Fulacht fia, Ballinphellic, Co. Cork
Co. Cork |
Settlement Sites
In a pasture field in mid-Cork, close to the north-east bank of a small stream, there is a low mound of blackened, heat-fractured stone that most walkers would pass without a second glance.
It is a fulacht fia, a type of prehistoric cooking site found in their thousands across Ireland, and this one at Ballinphellic sits in the characteristic horseshoe shape that makes the type recognisable once you know what you are looking at. The mound measures seventeen metres in length, twelve in width, and rises to about a metre and a half, with an opening five metres wide facing west-north-west. Partially overgrown now, it holds its form quietly in the grass.

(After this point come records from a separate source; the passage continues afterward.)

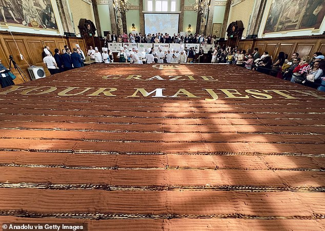 Cem chefs italianos reuniram-se na Câmara Municipal de Cheslea durante o fim de semana para criar uma das sobremesas mais conhecidas do seu país e dedicá-la aos membros da família real.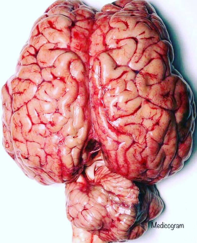 Real photograph of the human brain, portraying its superior aspect. The human brain is the largest brain of all vertebrates relative to body size. It weighs about 3.3 lbs (1.4 Kg). The brain makes up about 2% of the human's body weight. The cerebrum is the largest part of the brain and makes up about 85% of the brain weight. Brain contain over 86 billion nerve cells (neurons), comprising the gray matter & white matter. These neurons are connected by trillions of connections called synapses, which allows for the transmission or passage of nerve impulses within the brain and to and from the pheripheral body.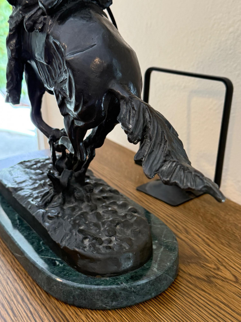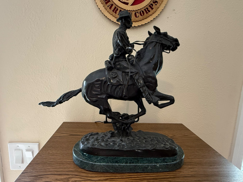 A dynamic bronze sculpture titled Trooper of the Plains, capturing a cavalry rider in full uniform astride a galloping horse. The rider grips the reins with determined posture as the horse surges forward, tail extended in motion. Mounted on a polished green marble base, the piece bears Remington’s inscribed signature. This is a later reproduction honoring Remington’s celebrated depictions of frontier life and military subjects. It reflects the artist’s hallmark style—muscular movement, narrative realism, and reverence for the American West. About the Maker: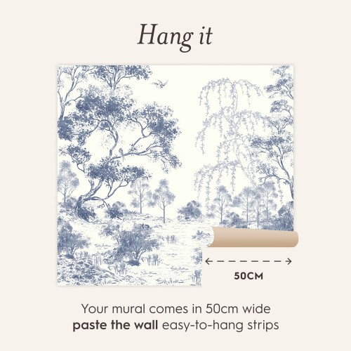 A wonderful printed wall mural in which a sketch of beautiful trees display their beautiful branches in blue shades design, to fit with a unique effect in any room of your home.
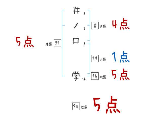 地運![]() | 井ノ口学さんの地運は16画の5つ星!人望が厚く大きく発展する。逆転成功が見える。 個性を表す基礎的な運勢です。性格形成や対人関係、行動力など家庭環境に影響されます。主に誕生してから20歳くらいまでの若年期の運勢を表します。 |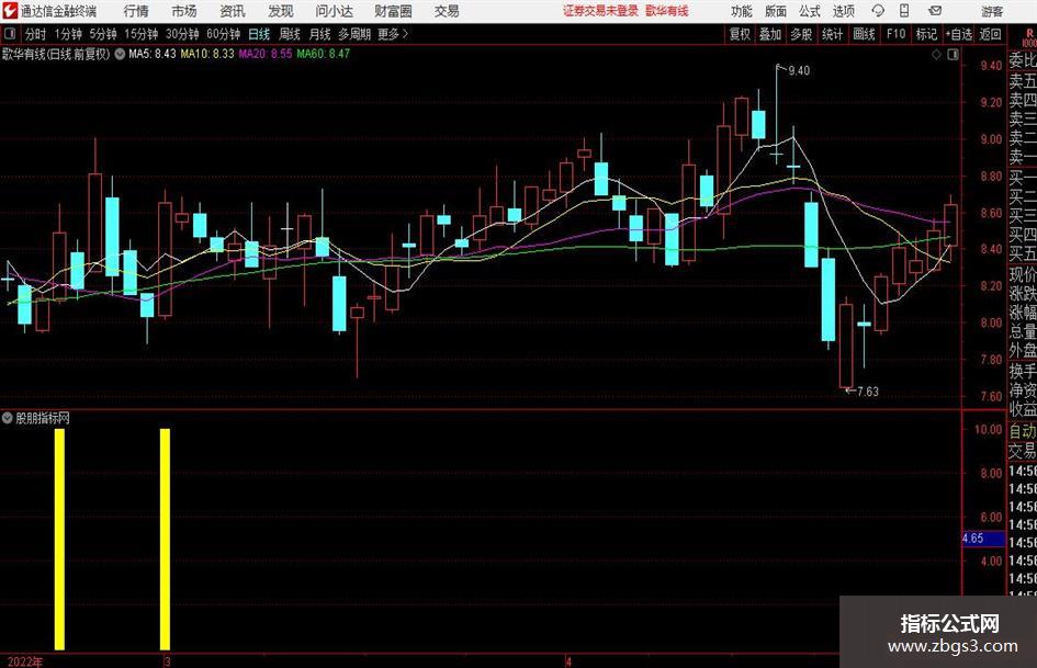 一阳定乾坤:=(C>VA7 AND O<VA8 AND VA1>1 AND CROSS(VA2,VA3) AND C/REF(C,1)>1.03);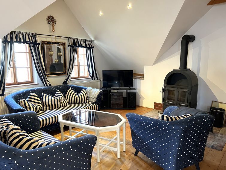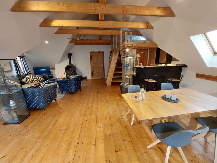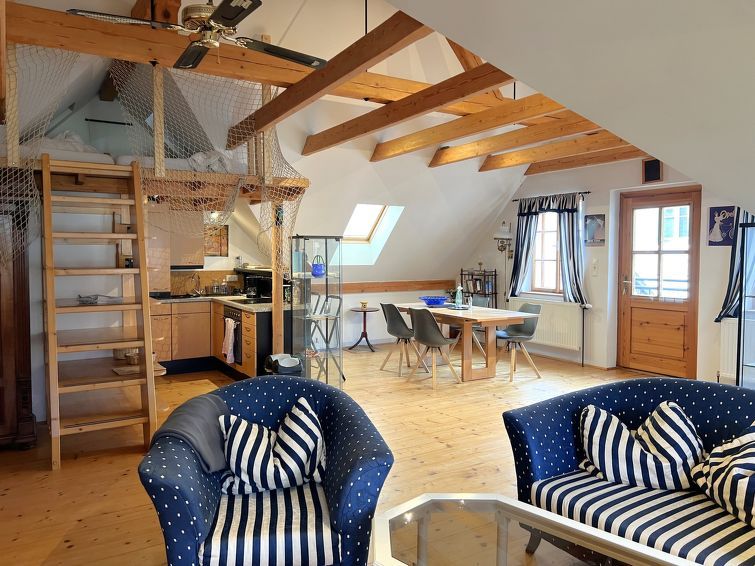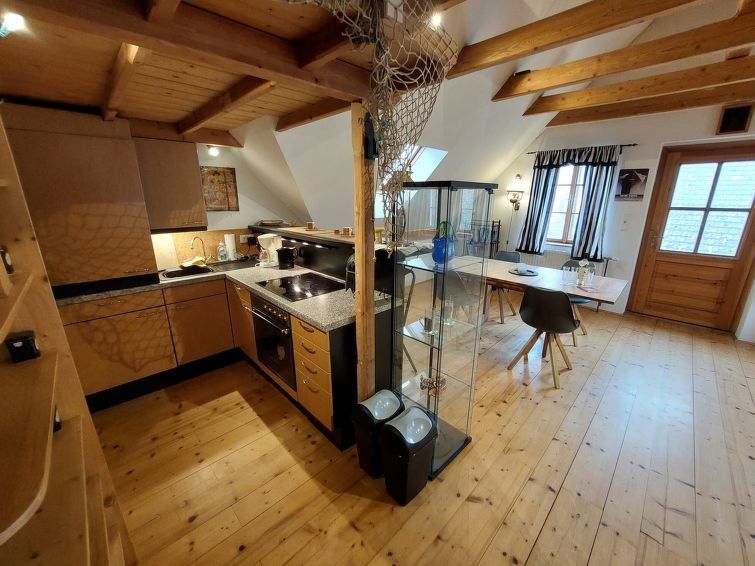 1-room Loft 70 m2, on the upper floor. Object suitable for 2 adults. Rustic and tasteful furnishings: open living/dining room with sloping ceilings with rooflight with 1 x 1 bunk beds (180 cm, length 200 cm). With sloping ceilings, open kitchen (4 hot plates, oven). Bath/WC. Heating.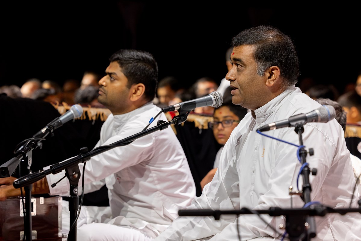 Devotees offer kirtan bhakti during Swamishri’s puja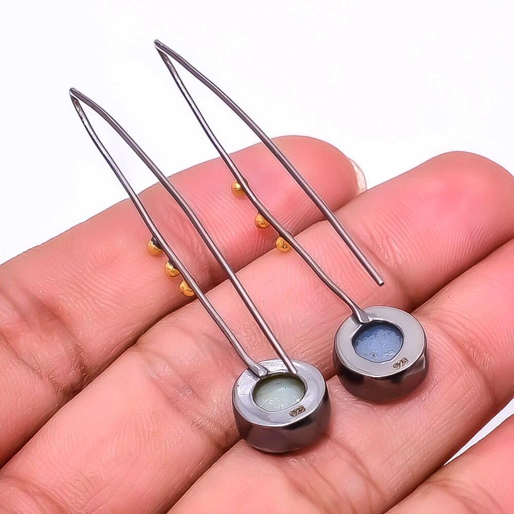 Theme Beauty Main Stone Depth As Seen in Picture Main Stone Length As Seen in Picture Main Stone Width As Seen in Picture Seller Warranty Yes Shape As Seen in Picture SKU E_9420_240_54 Main Stone Cut Type Drusy Main Stone Size 10X10 Mm Antique Yes Handmade Yes Type Earring Style Drop/Dangle Metal Sterling Silver Metal Purity 925 Parts Per 1000 Base Metal Sterling Silver Total Carat Weight 18 Main Stone Titanium Agate Drusy Main Stone Creation Natural Main Stone Shape Round Main Stone Color Black Main Stone Treatment Natural Material Gemstone, Stone Number of Gemstones 2 Item Length 1.95 Features Engraved, Nickel-Free, Handcrafted Ear Area Lobe Brand Unbranded Country/Region of Manufacture India Country of Origin United States Color As Seen in Picture Diamond Clarity Grade Not Applicable Number of Diamonds As Seen in Picture Item Diameter As Seen in Picture Gemstone Clarity Grade Opaque Diamond Color Grade Not Applicable Customized No Colored Diamond Intensity Not Applicable Certification 100% Genuine Guaranteed Setting Style Bezel Occasion Christmas, Birthday, Anniversary, Engagement, Wedding, Valen Shipping & Handling - Charge - 1st item-5.90 And Additional item-1.90 Handling Time - 1 Days . Delivery Time - 2 TO 3 DAYS. Shipping Service - USPS First Class Package 2 -3 Days. Returns - 1.We offer a 100% Money Back Guarantee minus shipping for 30 days after receiving the Item / item's. 2..The item must not be altered or damaged in any way shape or form. 3.Upon receiving these items your payment will be refunded. 4.Email us for return instructions before sending merchandise back. 5.Please allow up to 1 business day for all returns to receive credit. 6.Sizing does not affect the return policy. Payment - We accept PayPal for Payment ,should made with in 14 days once buying or winning done , in case of late information expected .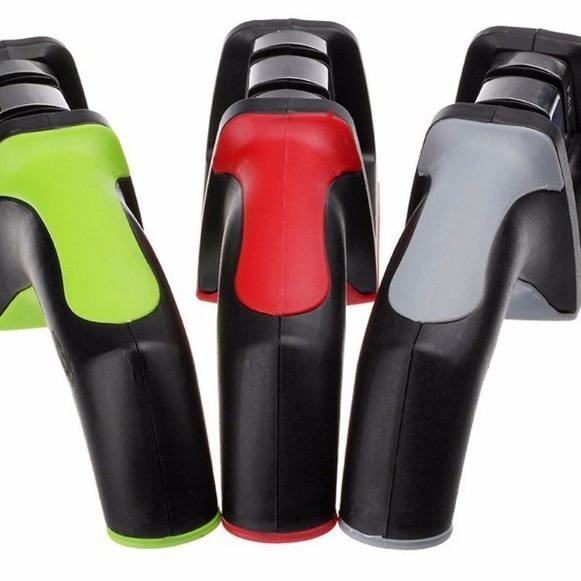 เครื่องลับมีดยอดนิยมพร้อมด้ามจับ เหล็กกล้าคาร์บอน แบบใช้มือ หลายขนาดเม็ดทราย หินลับสองร่อง สำหรับใช้ในครัวเรือน
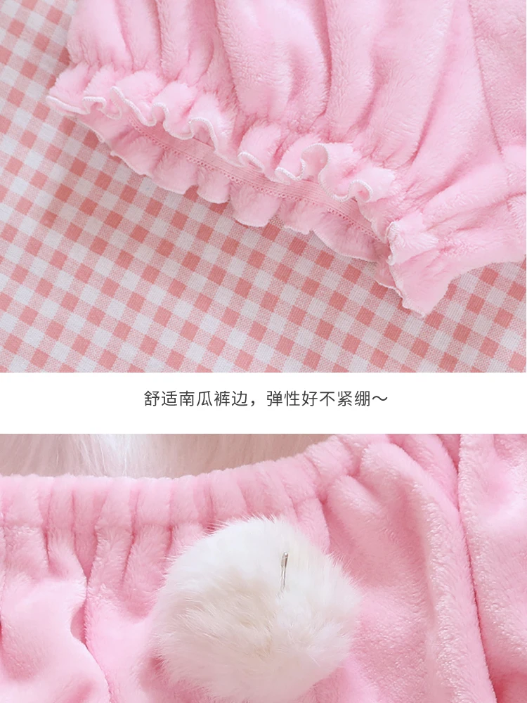 Розовый и белый бархатный топ и трусики Kwaii для девочек, очароват...
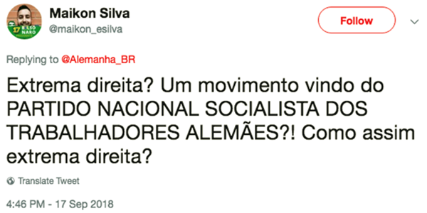 Recentemente, a Embaixada da Alemanha publicou um vídeo explicando como o nazismo era tratado entre os alemães, e recebeu uma enxurrada de comentários de brasileiros. Os internautas afirmavam que o nazismo era ligado às ideologias de esquerda e contestavam o holocausto.

Fulachtaí fia, the plural form, are among the most common archaeological monuments in Ireland, dating mostly to the Bronze Age, roughly 1500 to 500 BC, though some examples are older or younger. The basic principle behind them is straightforward: a trough was dug near a water source, lined to hold water, and stones were heated in a fire before being dropped in to bring the water to a boil. The discarded, shattered stones accumulated over time into the distinctive horseshoe mound that frames the former trough. What they were actually used for remains a matter of debate among archaeologists, with cooking the most widely accepted explanation, though brewing, hide-working, and bathing have all been proposed. The proximity of the Ballinphellic example to a stream fits the pattern almost perfectly, since a reliable water supply was essential to the whole operation.